Return each record word for word and omit the pictures.

(Collected data)
* * *

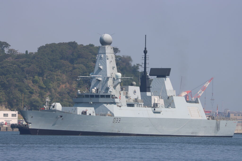 デアリング級は、ステルス性に考慮したマストが特徴的ですね。マストにあるサンプソンレーダーも印象的な形状しています(笑)
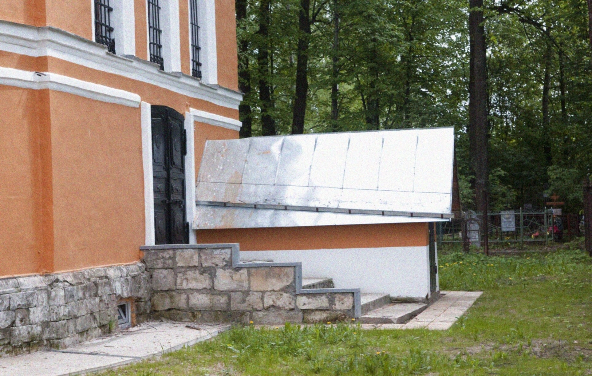 На фотографии запечатлена Церковь Спаса Нерукотворного Образа, расположенная в селе Спас-Торбеево Сергиево-Посадского района Московской области. Каменный храм был возведён в 1862–1866 годах на средства княжеской четы Сергея Семёновича и Татьяны Афанасьевны Урусовых . В архитектурном решении фасада, фрагмент которого виден на снимке, прослеживается стилистика эклектики. Светло-оранжевый оштукатуренный фасад контрастирует с белыми декоративными элементами, создавая торжественный и нарядный облик. К входной двери ведёт каменная лестница, нижняя часть которой сложена из необработанного камня, а верхние ступени — из более гладких блоков. Рядом со стеной основного объёма храма расположена невысокая пристройка под металлической кровлей, служащая защитным навесом над входом. На заднем плане, за деревьями, находится церковное кладбище — неотъемлемая часть истории этого святого места. Под самим храмом была устроена усыпальница князей Урусовых, что добавляет месту особую историческую и мемориальную ценность . Исторически этому месту благоволил великий русский писатель Лев Николаевич Толстой, который в 1889 году гостил в имении Урусовых и работал здесь над своими произведениями . Первоначально на этом месте стояла деревянная церковь, построенная в начале XVIII века при князе Юрии Фёдоровиче Шаховском, но до наших дней она не сохранилась . Храм был закрыт в советские времена, но возвращён верующим в 1995 году и ныне является действующим .
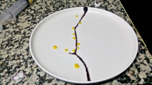 - Tras hacer la raya negra y las gotitas negras, he puesto la crema de limón en la jeringuilla y he ido colocando las gotas amarillas.
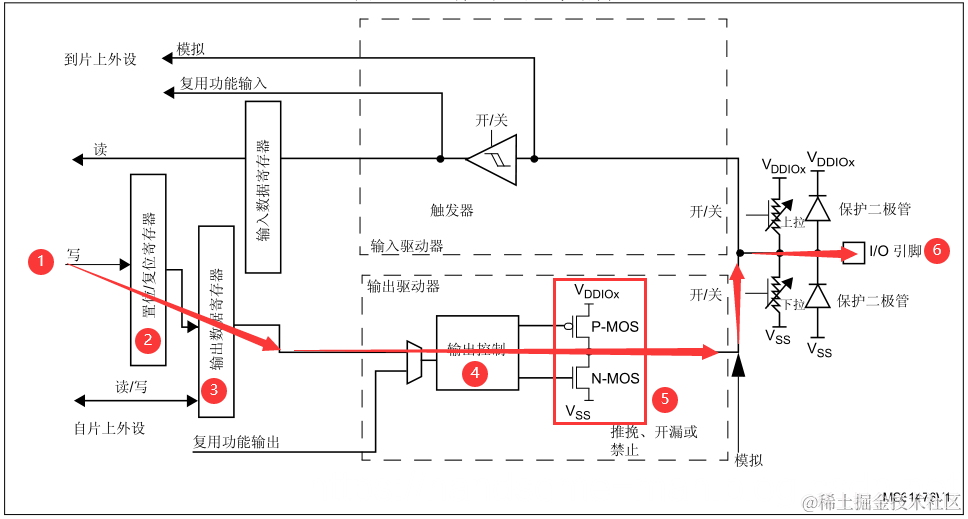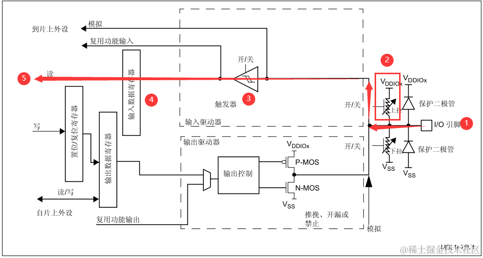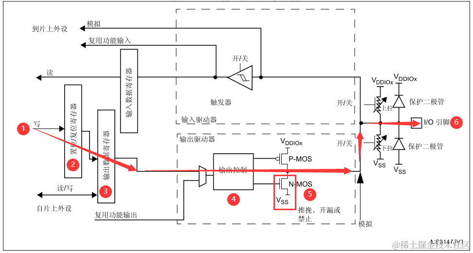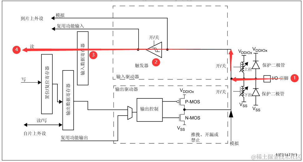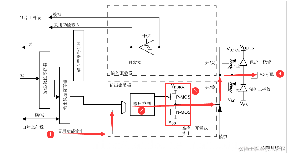 1、保护二极管:防止I/O引脚外部过高、过低的电压输入,当引脚电压高于VDDIOx时,上方的二极管导通;当引脚电压低于VSS时,下方的二极管导通,防止不正常电压引入芯片导致芯片烧毁。
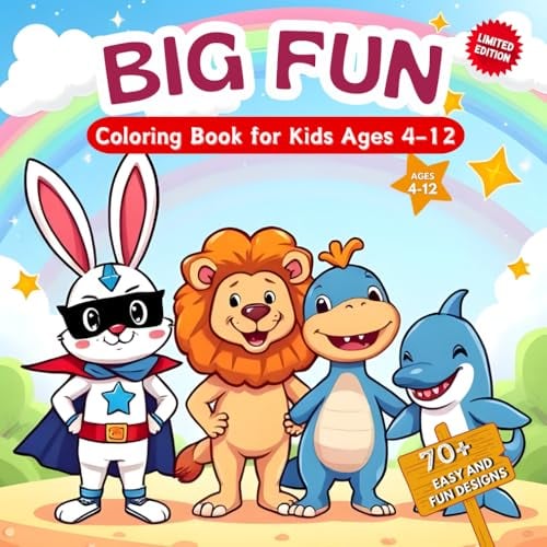 Big Fun - Coloring Book for Kids Ages 4-12: Cute and Easy Designs Featuring Superheroes, Animals, Fantasy Creatures, and More for Boys and Girls (75 Unique Designs).

* * *

**ANSWER AREA:**
 デアリング級は、ステルス性に考慮したマストが特徴的ですね。マストにあるサンプソンレーダーも印象的な形状しています(笑)
 На фотографии запечатлена Церковь Спаса Нерукотворного Образа, расположенная в селе Спас-Торбеево Сергиево-Посадского района Московской области. Каменный храм был возведён в 1862–1866 годах на средства княжеской четы Сергея Семёновича и Татьяны Афанасьевны Урусовых . В архитектурном решении фасада, фрагмент которого виден на снимке, прослеживается стилистика эклектики. Светло-оранжевый оштукатуренный фасад контрастирует с белыми декоративными элементами, создавая торжественный и нарядный облик. К входной двери ведёт каменная лестница, нижняя часть которой сложена из необработанного камня, а верхние ступени — из более гладких блоков. Рядом со стеной основного объёма храма расположена невысокая пристройка под металлической кровлей, служащая защитным навесом над входом. На заднем плане, за деревьями, находится церковное кладбище — неотъемлемая часть истории этого святого места. Под самим храмом была устроена усыпальница князей Урусовых, что добавляет месту особую историческую и мемориальную ценность . Исторически этому месту благоволил великий русский писатель Лев Николаевич Толстой, который в 1889 году гостил в имении Урусовых и работал здесь над своими произведениями . Первоначально на этом месте стояла деревянная церковь, построенная в начале XVIII века при князе Юрии Фёдоровиче Шаховском, но до наших дней она не сохранилась . Храм был закрыт в советские времена, но возвращён верующим в 1995 году и ныне является действующим .
 - Tras hacer la raya negra y las gotitas negras, he puesto la crema de limón en la jeringuilla y he ido colocando las gotas amarillas.
 1、保护二极管:防止I/O引脚外部过高、过低的电压输入,当引脚电压高于VDDIOx时,上方的二极管导通;当引脚电压低于VSS时,下方的二极管导通,防止不正常电压引入芯片导致芯片烧毁。
 Big Fun - Coloring Book for Kids Ages 4-12: Cute and Easy Designs Featuring Superheroes, Animals, Fantasy Creatures, and More for Boys and Girls (75 Unique Designs).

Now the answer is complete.